*Your objective*
Word for word, restate the records from their first line through the line with "El Socialista, 9", both ends included; omit each picture.

***** Material for this task *****

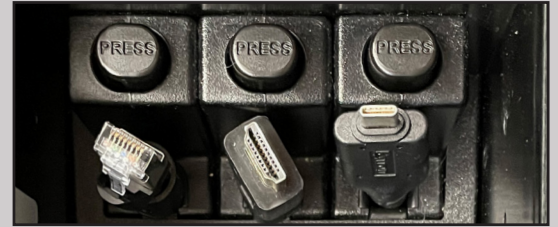
LAN-, HDMI-, USB-C-Kabel
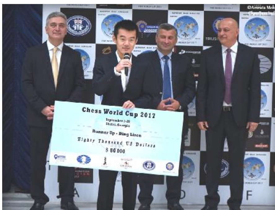
Ding Liren tras recibir el cheque de subcampeón (del que hay que deducir el 20% de comisión de la FIDE) en la ceremonia de clausura

DL: Tras deducir el coste de la habitación, quedarán en 60.000 USD. Es una buena suma. Se la daré a mi madre, como hago siempre.
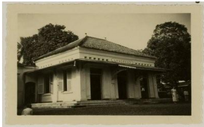
Gambar 4. Fasad Pada Zaman Dahulu ( sumber : Saputra, 2020 )

Secara kasat mata, bentuk fasad bangunan Landraad hasil renovasi kedua hampir mengembalikan bentuk bangunan seperti bangunan seperti bentuk awal mulanya. Namun, dengan tambahan dua bangunan pada sisi kanan kiri bangunan yang menjadi pembeda. Fasad gedung Landraad te Purbalingga pada era kolonial adalah struktur kecil satu lantai dengan gaya kolonial yang kuat, ditandai dengan jendela besar serta atap dan plafon tinggi, yang hingga saat ini masih dipertahankan dengan baik pada bangunan tersebut.
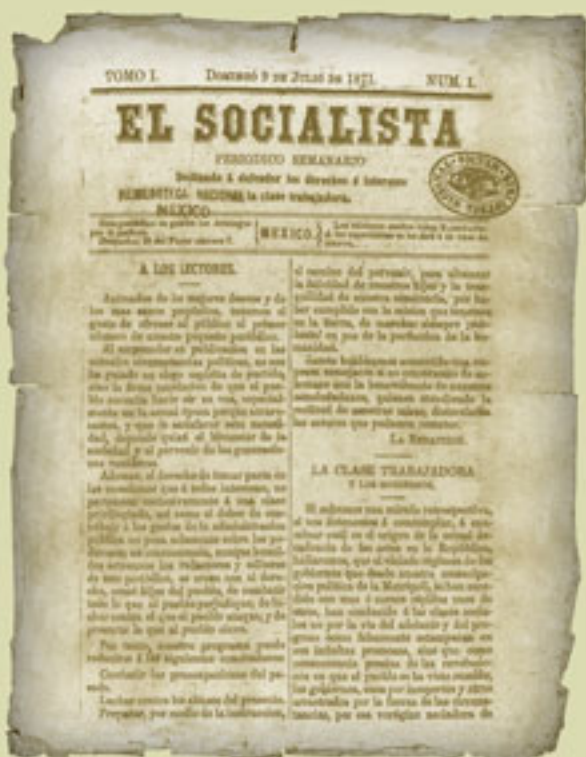
El Socialista, 9 de julio de 1871, Hemeroteca Nacional Digital.

Hacia 1870, la población nacional se aproximaba a los nueve millones de mexicanos, la mayoría establecidos en las zonas rurales y por ello marginados de las actividades políticas, culturales, educativas y económicas del país. Además, el número de habitantes resultaba muy reducido en relación con la extensión del territorio, lo que era un obstáculo para el desarrollo nacional.
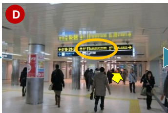
約130mほど進むと 地下鉄南北線さっぽろ駅の南改札口 があります。左手に改札口を見ながら通路を更に直進すると、札幌駅前通地下歩行空間の入り口があります。
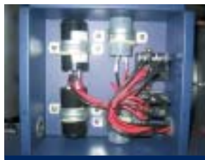
Los relés de arranque y los capacitadores minimizan la carga eléctrica y reducen el consumo eléctrico
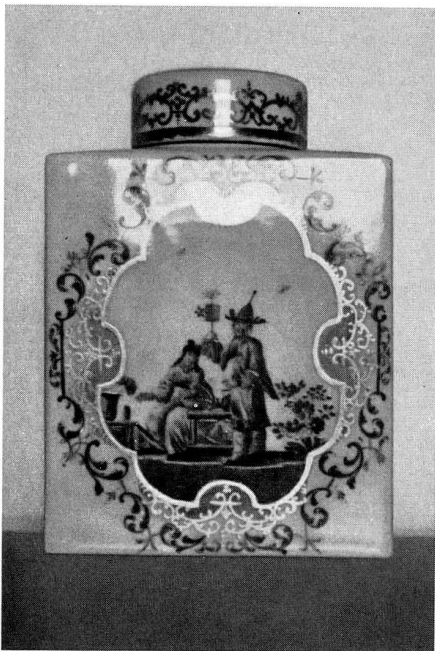
Abb. 30 Teedose, modernes Porzellan mit gefälschter Höroldt-Malerei.

*****

*Written answer*
LAN-, HDMI-, USB-C-Kabel
Ding Liren tras recibir el cheque de subcampeón (del que hay que deducir el 20% de comisión de la FIDE) en la ceremonia de clausura

DL: Tras deducir el coste de la habitación, quedarán en 60.000 USD. Es una buena suma. Se la daré a mi madre, como hago siempre.
Gambar 4. Fasad Pada Zaman Dahulu ( sumber : Saputra, 2020 )

Secara kasat mata, bentuk fasad bangunan Landraad hasil renovasi kedua hampir mengembalikan bentuk bangunan seperti bangunan seperti bentuk awal mulanya. Namun, dengan tambahan dua bangunan pada sisi kanan kiri bangunan yang menjadi pembeda. Fasad gedung Landraad te Purbalingga pada era kolonial adalah struktur kecil satu lantai dengan gaya kolonial yang kuat, ditandai dengan jendela besar serta atap dan plafon tinggi, yang hingga saat ini masih dipertahankan dengan baik pada bangunan tersebut.
El Socialista, 9 de julio de 1871, Hemeroteca Nacional Digital.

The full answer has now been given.